Nordhagen has a heck of a resume behind him: he's been a QA tester for Sony, worked on the PC port of BioShock 1, and served as a programmer on BioShock 2 and The Bureau: XCOM Declassified before leaving 2K to co-found Fullbright Studios in Portland, where he helped make Gone Home. He then returned to the Bay Area and founded Dim Bulb Games, where his team made Where the Water Tastes Like Wine.
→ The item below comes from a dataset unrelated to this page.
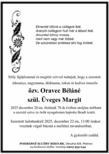 9.dec.2025 - Smútočné oznámenie, Komlósi Edit, rod. Bosnyák (†79) Ďalej...

But after Where the Water Tastes Like Wine, Nordhagen's list of big projects hit a bit of a lull. He did some contract work for other indies, and put together some prototypes to pitch to publishers, but didn't get anything accepted. During this time, he saw the following tweet from journalist Nat Clayton:
A virtual museum of fishing mechanics
— nat clayton, space mom (@its_natclayton) June 22, 2020
And Nordhagen replied:
OK this is a brilliant idea, but I want to see it for all common game mechanics. A museum of conversation mechanics. A museum of lockpicking. Hacking. Crafting. This would be incredibly useful for developers https://t.co/fRmsd0Bff4
— Johnnemann 🌹 (@johnnemann) June 22, 2020
At the time, one of Nordhagen's contract projects tasked him with building a conversation system, a process which involved a lot of research into other games' conversation systems to learn what made them good. Clayton's tweet began to stick in his head, and he eventually felt compelled to make an interactive museum as a side project. Of the options in Clayton's tweet, Nordhagen settled on lockpicking because it was "relatively constrained" in terms of the types of games that include it (largely stealth, immersive sims and RPGs) and most systems could be mimicked with a simple, flat user interface that was easy enough to manipulate and make assets for.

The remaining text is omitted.